# WHAT IS BEING ASKED:
Below are entries. Give back exactly the lines from the one containing "- Obtain the" through the one containing "Previously owned. This", inclusive, without the pictures.
--- TASK DATA Enclosed Below ---
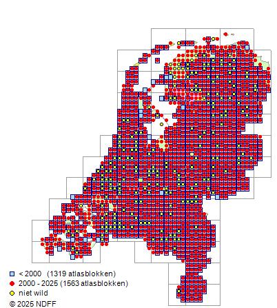 Bron: FLORON - Gemodelleerd op basis van waarnemingen uit de NDFF voor de periode 2000-2021.
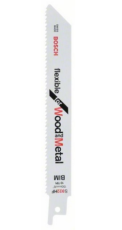 Bosch S 922 HF. Тип продукта: Sabre saw blade, Подходит для материалов: Профиль, Листовой металл, Дерево с гвоздями, Материал лезвия: Биметалл. Расстояние между зубьями лезвия: 2,5 мм, Толщина резки (макс.): 10 см. Overall length: 15 см. Количество в упаковке: 1 шт, Тип упаковки: Блистер
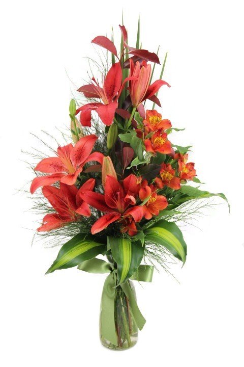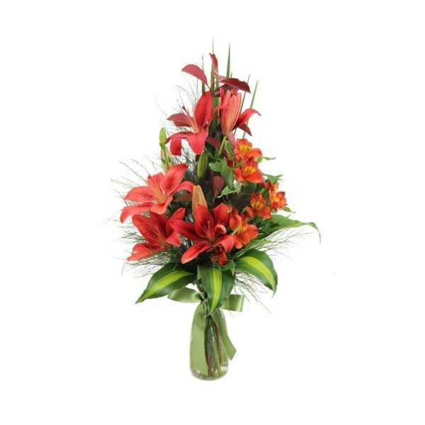 10455 – Bela opção de arranjo com lírios vermelhos e alstroemérias vermelhas em um vaso de vidro e laço de cetim.
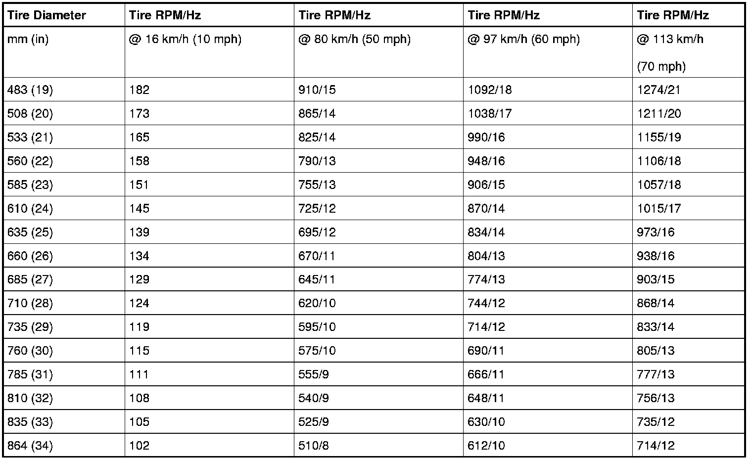- Obtain the corresponding tire and wheel rpm and frequency from the Tire Speed and Frequency Chart.
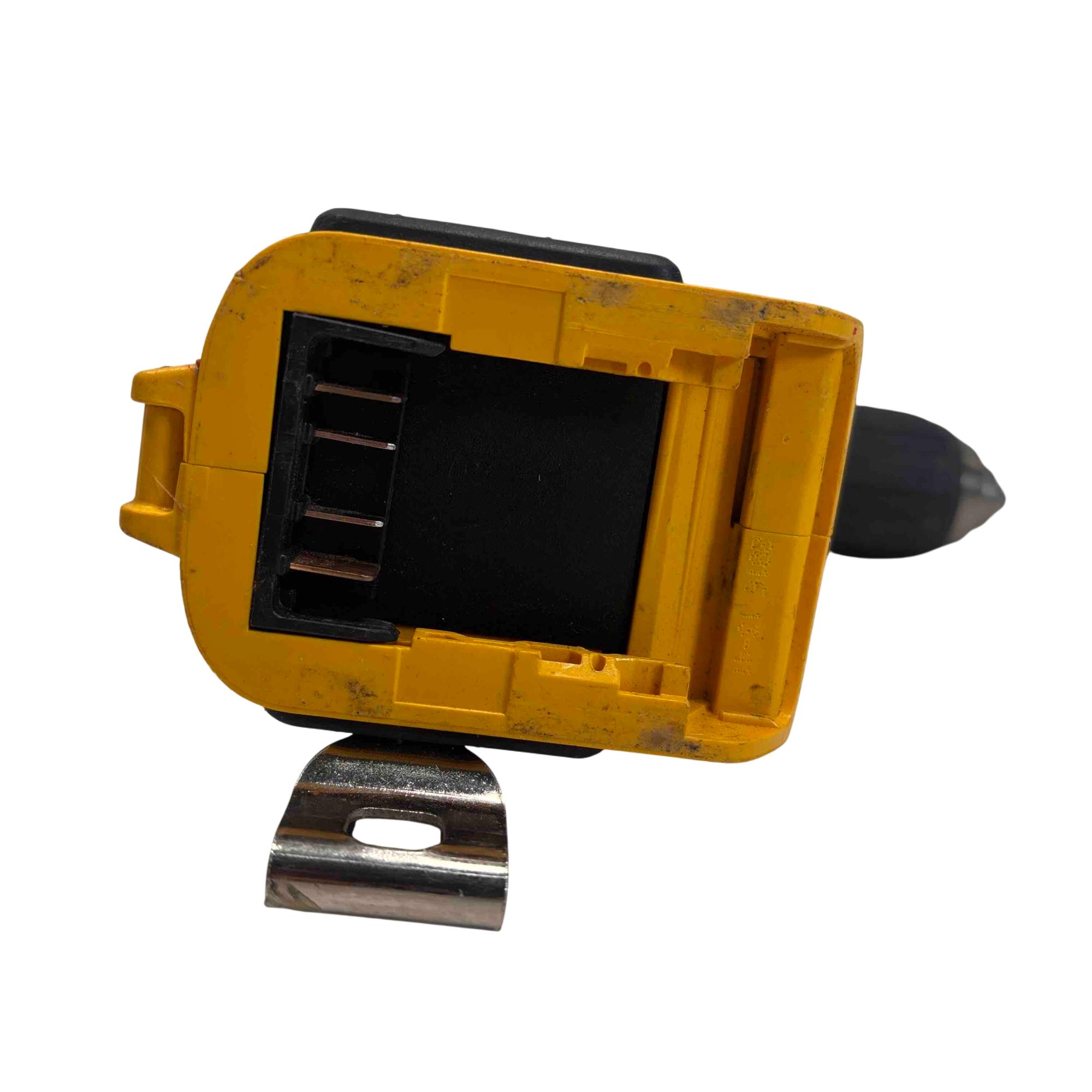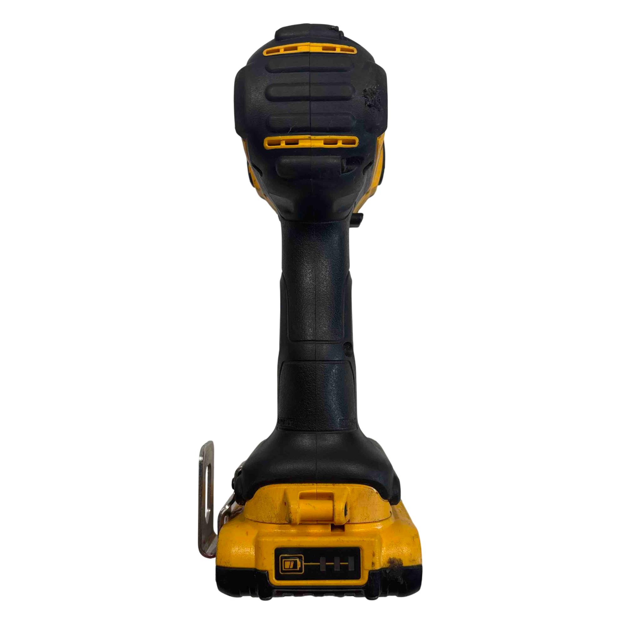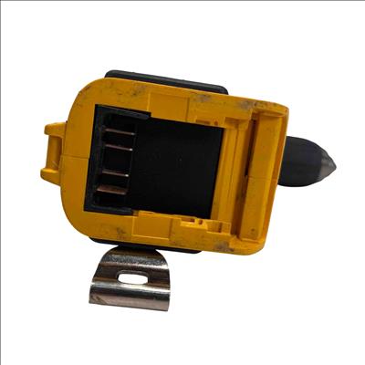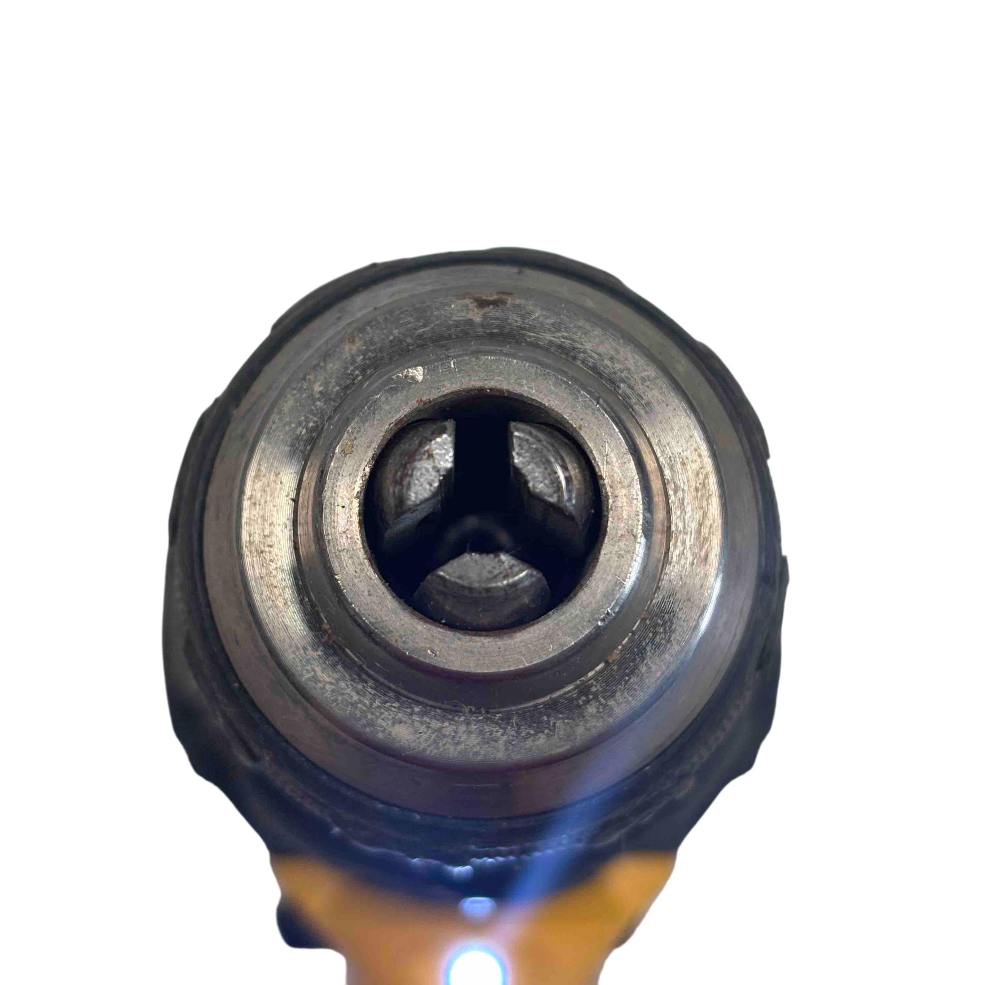 Previously owned. This drill/driver has been tested and it works. There is a scuff mark on the rubber on the back of the tool, and the rubber near the tip of the tool is scratched and word as well. The metal chuck has scratches and a few wear marks on it. There is a deep scratch in the yellow plastic on the top of the tool next to the switch. The rest of the yellow plastic on the tool has scratch marks and black stains on it. Both the power tool and the battery have wear lines where they attach, and the bottom of the battery has scratch marks on it. See photos for details.
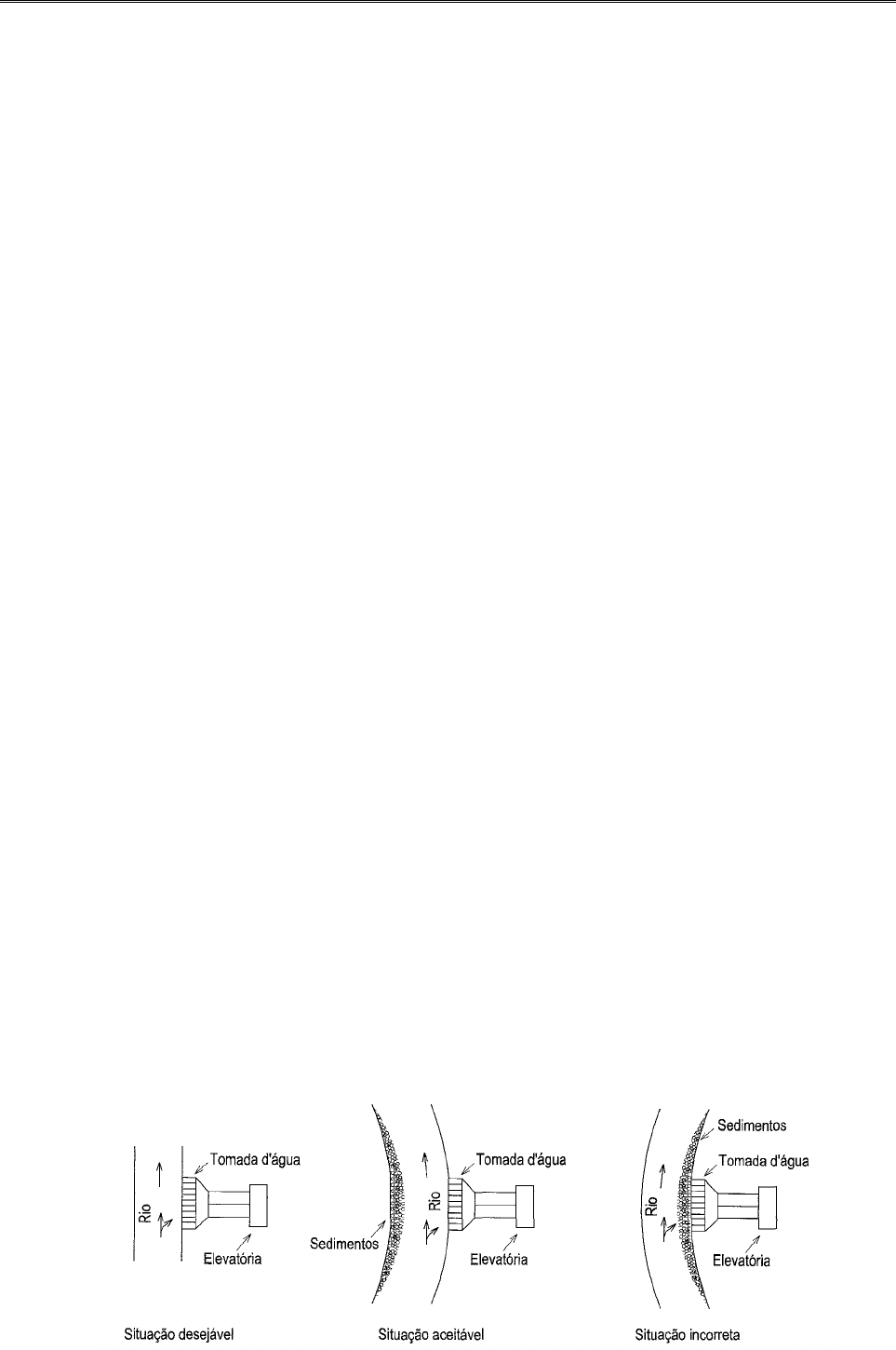 Notas de aula - 5. Captaçao OBS. As notas de aula são apenas um roteiro, estudem pelos livros. 5. CAPTAÇÃO 5.1 Introdução Captação é o conjunto de estruturas e dispositivos, construídos ou montados junto a um manancial, para a tomada de água destinada a um sistema de abastecimento. As captações consequentemente podem ser para coletar ou retirar águas atmosféricas, superficiais e subterrâneas. O reservatório de acumulação (regularização de vazões) muitas vezes é construído como parte integrante do sistema de captação. As obras de captação variam conforme as condições locais, hidrológicas, topográficas e, para as águas subterrâneas, também segundo as condições hidrogeológicas. A captação é a primeira unidade do sistema de abastecimento de água, e do seu constante e bom funcionamento depende o desempenho de todas as unidades subseqüentes. A concepção de uma unidade de captação de água deve considerar que não são admissíveis interrupções em seu funcionamento. Ao se desenvolver o projeto de captação deve-se ter em vista facilidades de operação e manutenção ao longo do tempo. É recomendado que as obras de captação sejam construídas em uma única etapa pois, por tratar-se de estruturas construídas junto ou dentro d’água, sua ampliação torna-se difícil. 5.2 Captação de águas superficiais Na elaboração do projeto de captação de águas superficiais, várias características quantitativas e qualitativas dos cursos d’águas devem ser avaliadas. Algumas das mais importantes são: - levantamento de dados fluviométricos; - informações sobre as oscilações de nível de água nos períodos de estiagem e enchente; - levantamento de dados hidrológicos da bacia ou de bacias próximas; - características físicas, químicas e bacteriológicas da água; - localização na bacia de focos poluidores atuais e potenciais. A escolha do local deve ser antecedida da avaliação dos seguintes fatores: - distância da captação à ETA; - eventuais custos com desapropriações; - necessidade de estação elevatória; - disponibilidade de energia elétrica; - facilidade de acesso. A concepção e a escolha do local de captação da água devem assegurar: - condições de fácil entrada d’água em qualquer época do ano; - assegurar tanto quanto possível a melhor qualidade da água do manancial; - garantir o funcionamento e a proteção contra danos e obstruções; - favorecer a economia das instalações; - facilitar a operação e manutenção ao longo do tempo; - planejamento e execução cuidadosa de estruturas junto ou dentro da água uma vez que a ampliação é geralmente muito trabalhosa; - prever proteção contra inundação. IMPORTANTE: - instalação de bombeamento conjugada à captação sempre ao abrigo das maiores enchentes previstas; - distância entre a bomba e o NA mínimo previsto no rio não deverá ultrapassar a capacidade de sucção das bombas; - obras de captação devem ser executadas em trechos retilíneos dos rios ou quando em curva devem ser localizadas junto à curvatura externa (margem côncava). Figura – Posicionamento em planta das captações em cursos de água superficial Notas de aula - 5. Captaçao OBS. As notas de aula são apenas um roteiro, estudem pelos livros. 5.2.1Partes constituintes de um sistema de captação (manancial de superfície) - barragem ou vertedores para manutenção do nível ou para regularização de vazão, enrrocamentos; - orgãos de tomada d’água com dispositivos para impedir a entrada de materiais flutuantes ou em suspensão: grades, telas, crivos, desarenador (cx. Areia); - dispositivos para controlar a entrada de água: comportas, adufas, registros e “stoplogs”; - canais ou tubulações de interligação e orgãos acessórios. - Poço de sucção e casa de bombas para alojar os conjuntos elevatórios, quando necessário. 5.3 Tipos de captação superficial As características dos tipos de captação são ditadas pelo porte e conformação do leito desses mananciais, associados à topografia e geologia locais, bem como pela velocidade, qualidade e variação do nível da água. 5.3.1 Captação direta A captação direta limita-se a tomada d’água, sendo empregada em cursos de água perenemente volumosos, sujeitos a pequena variação de nível. Quando o leito do rio for rochoso não há necessidade de revestimento do mesmo, porém se o leito for sujeito a erosão deverá ser feito um muro de sustentação à margem do rio ou o revestimento de um trecho da margem, neste caso a tubulação em cuja extremidade fica a tomada d’água pode ficar apoiada sobre pilares. Caso a margem do rio seja de pequena declividade e a espessura da lâmina d’água é pequena o crivo pode ser substituído por um ou mais tubos perfurados que se apoiam em pilares à margem do curso d’água (Sfuros>>>Stubulação). Tomada direta Nmín. Prof. = Nmín.rio – 1,0 m Caixa de tomada de água em captação a fio de água Fonte: HADDAD (1997) apud HELLER e PÁDUA (2010) Tubulação de tomada com tubos perfurados Fonte: HADDAD (1997) apud HELLER e PÁDUA (2010) Obs.: a Norma permite captação direta por bombas quando: - Quando dispensável o desarenador; - as bombas servirem como recalque intermediário entre o rio e a caixa de areia (bombas submerssíveis ou flutuantes); - população menor que 10.000 habitantes. 5.3.2 Barragem de nível: A barragem de regularização de nível é muito utilizada para pequenos cursos d’água, principalmente quando o suprimento é feito por gravidade e o leito do rio se apresenta rochoso no local em que a barragem vai ser construída. É empregada quando a captação direta não pode ser utilizada devido ao rio apresentar pequena lâmina d’água, portanto a finalidade da barragem de nível é elevar o nível d’água no local da captação. Só deve ser utilizada quando a vazão mínima do rio supera a demanda média do dia de maior consumo. O rep
--- End of Enclosed TASK DATA ---
# WRITTEN REPLY:
- Obtain the corresponding tire and wheel rpm and frequency from the Tire Speed and Frequency Chart.
 Previously owned. This drill/driver has been tested and it works. There is a scuff mark on the rubber on the back of the tool, and the rubber near the tip of the tool is scratched and word as well. The metal chuck has scratches and a few wear marks on it. There is a deep scratch in the yellow plastic on the top of the tool next to the switch. The rest of the yellow plastic on the tool has scratch marks and black stains on it. Both the power tool and the battery have wear lines where they attach, and the bottom of the battery has scratch marks on it. See photos for details.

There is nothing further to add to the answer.